Give again, word for word, the lines below that run from the line with "Zapatos destalonados de" through the line with "园里造型各异的植物,分布在各". Drop the pictures.

Data for this exercise:
=====

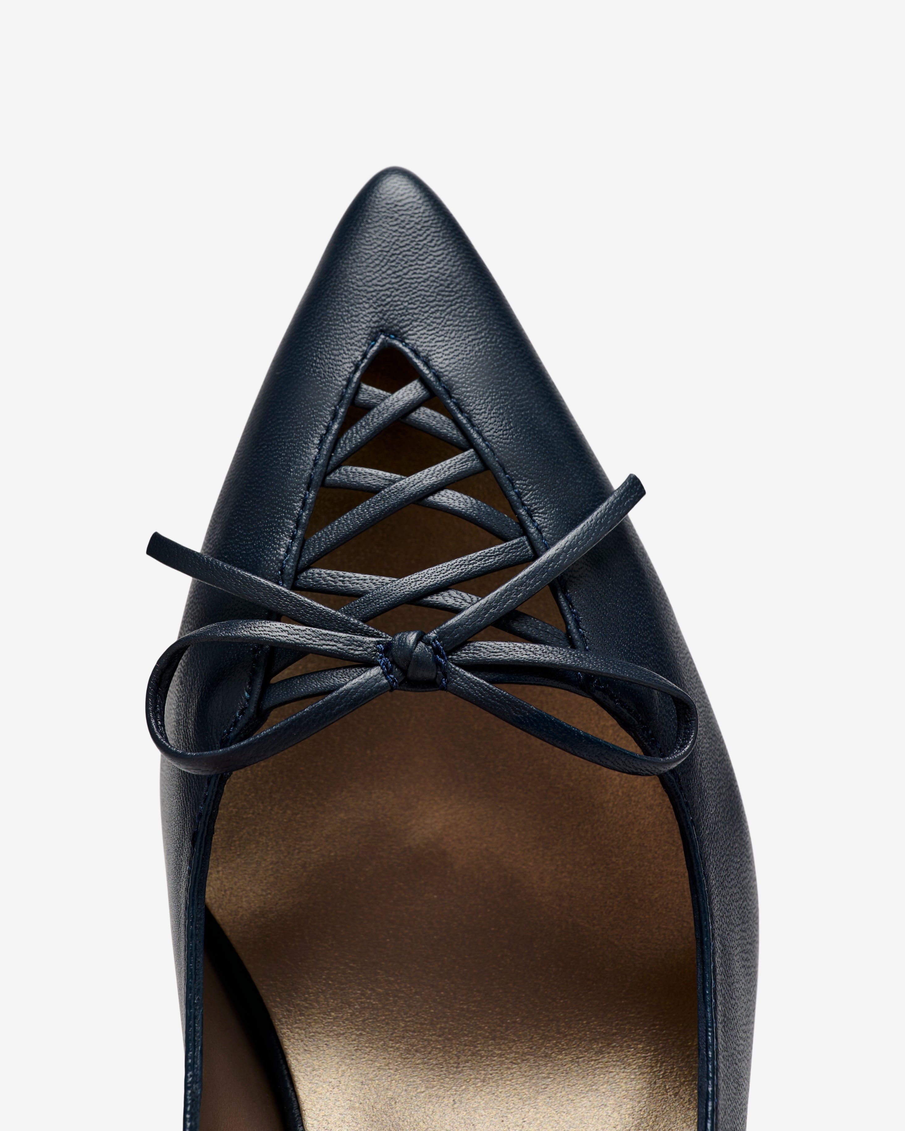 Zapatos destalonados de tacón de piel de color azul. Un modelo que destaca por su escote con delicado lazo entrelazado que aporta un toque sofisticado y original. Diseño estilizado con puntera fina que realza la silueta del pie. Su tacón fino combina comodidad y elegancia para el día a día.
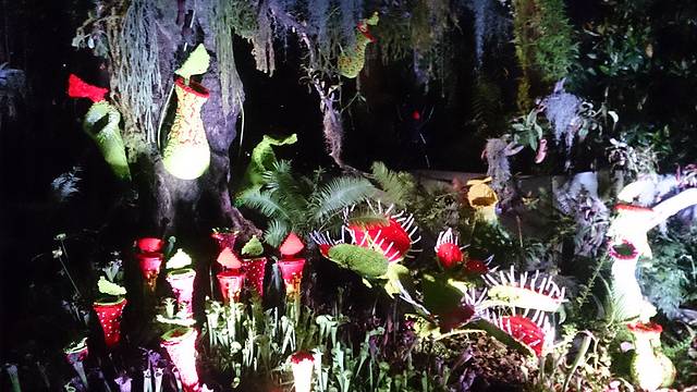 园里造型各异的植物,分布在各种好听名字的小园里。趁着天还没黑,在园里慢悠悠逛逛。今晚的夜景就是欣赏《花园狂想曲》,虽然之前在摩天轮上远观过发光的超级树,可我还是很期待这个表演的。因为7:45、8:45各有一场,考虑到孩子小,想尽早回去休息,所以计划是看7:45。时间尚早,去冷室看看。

=====

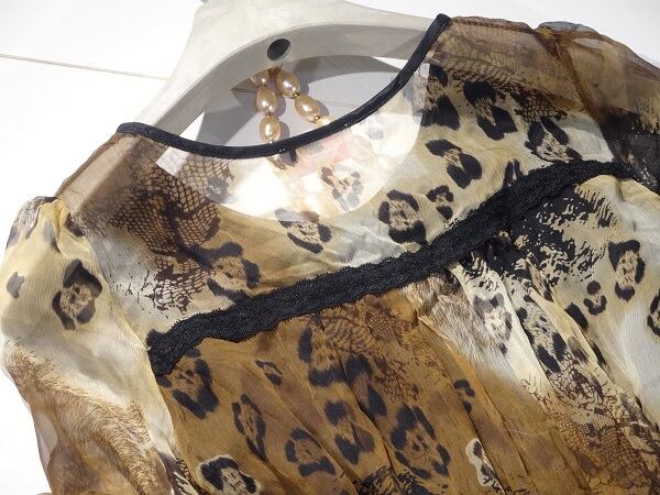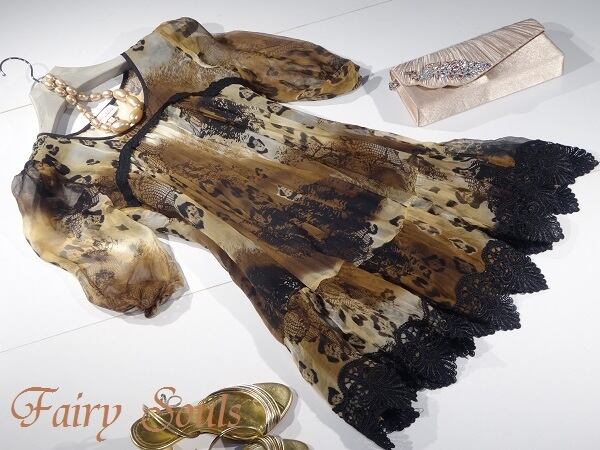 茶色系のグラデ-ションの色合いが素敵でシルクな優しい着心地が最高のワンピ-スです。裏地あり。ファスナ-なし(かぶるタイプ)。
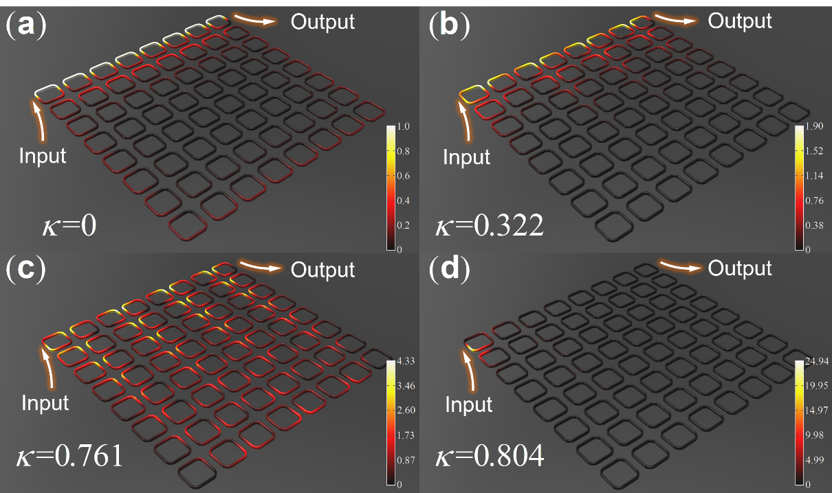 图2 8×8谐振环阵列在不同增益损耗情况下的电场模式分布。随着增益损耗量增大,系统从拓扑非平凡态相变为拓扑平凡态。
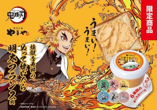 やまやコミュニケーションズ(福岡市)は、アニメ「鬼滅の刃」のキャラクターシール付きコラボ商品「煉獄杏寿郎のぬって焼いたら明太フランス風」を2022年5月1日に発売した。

=====

Exercise solution:
 Zapatos destalonados de tacón de piel de color azul. Un modelo que destaca por su escote con delicado lazo entrelazado que aporta un toque sofisticado y original. Diseño estilizado con puntera fina que realza la silueta del pie. Su tacón fino combina comodidad y elegancia para el día a día.
 园里造型各异的植物,分布在各种好听名字的小园里。趁着天还没黑,在园里慢悠悠逛逛。今晚的夜景就是欣赏《花园狂想曲》,虽然之前在摩天轮上远观过发光的超级树,可我还是很期待这个表演的。因为7:45、8:45各有一场,考虑到孩子小,想尽早回去休息,所以计划是看7:45。时间尚早,去冷室看看。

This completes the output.